Не стоит забывать, что корпус изображений, на котором, например, тренируют нейросеть, был кем-то гуманоидным изначально протеган (распознан и помечен). Можно даже предложить определенную параноидально-марксистскую гиперболизацию — нейросети для того и существуют, чтобы как можно лучше скрыть труд тех несчастных индусов, которые, скорее всего, этим и занимались — их вклад запутывается в лабиринтах из чисел и делается максимально неузнаваемым. (Крупнейшая платформа для дешевого труда такого рода называется Mechanical Turk, в честь машины для игры в шахматы, которая скрывала человека внутри, который играл на самом деле — вы читали об этом у Беньямина). В конце концов, не может ли быть так, что погоня за скоростью компьютерных процессов и уменьшения latency является попыткой скрыть труд, который за ними стоит? Если эти устремления кажутся естественными, надо вспомнить, что были времена, когда солидная программа для компьютера должна была использовать прогресс-бар — показывать, что что-то серьезное происходит, производить настоящую бюрократическую иллюзию выполняемой работы. Цель бюрократа — показать, что он тоже потрудился (и скрыть, таким образом, настоящий труд): он пишет инсталлятор, отчет о работе отдела, предисловие, кураторский текст — сейчас это уже никому не нужно и неинтересно, потому что все и так прекрасно “знают”, что на самом деле работают только где-то там, за пределами первого мира или за какими-то заборами, какие-то азиатские рабы, всякие неудачники, задроты, да даже наши родители, с которыми и не поговорить-то толком: работают люди, которые сейчас не имеют к нам никакого понятного нам отношения. Знание — слабость: единственное, что мы получаем благодаря знанию о рабочих, это депрессия.

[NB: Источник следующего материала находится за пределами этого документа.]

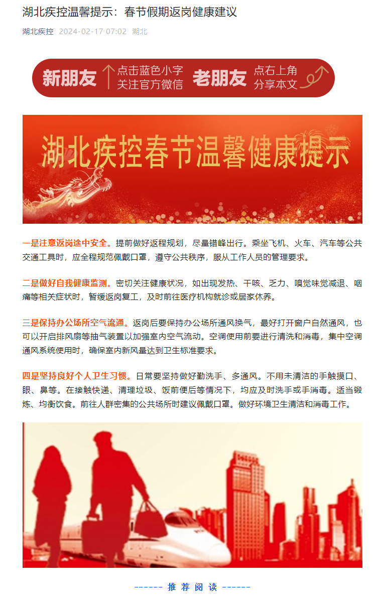 湖北疾控溫馨提示:春節(jié)假期返崗健康建議
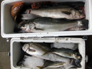 今の時期、無難なのはシーバスかな?旬で、食べてもウマイし。
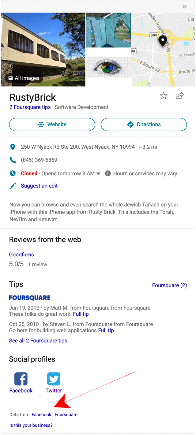 See the source links at the bottom of the local panel, it says “Data from: Facebook · Foursquare.” Keep in mind, I do have a verified listing in Bing Places.

Возможно, именно нейросети оказываются в науке терминальной точкой познания, хотя бы в некоторых направлениях. Шопенгауэр предполагал, что познание никогда не достигает абсолютной объективности, поскольку движущая его воля достигает своей цели раньше, ей эта объективность просто не нужна — в таком случае нейросеть, как символ эффективности далеко обогнавшей знание, указывает на практически непреодолимый когнитивный разрыв. При этом выращивание нейросетей и уход за ними оказывается одной из важнейших профессий, требующих сноровки и интуиции не в меньшей степени, чем довольно-таки скудных знаний об их достаточно простом устройстве; в отсутствие возможности концептуализации работы нейросети интуиция о ней оказывается нередуцируемой к знанию и языку.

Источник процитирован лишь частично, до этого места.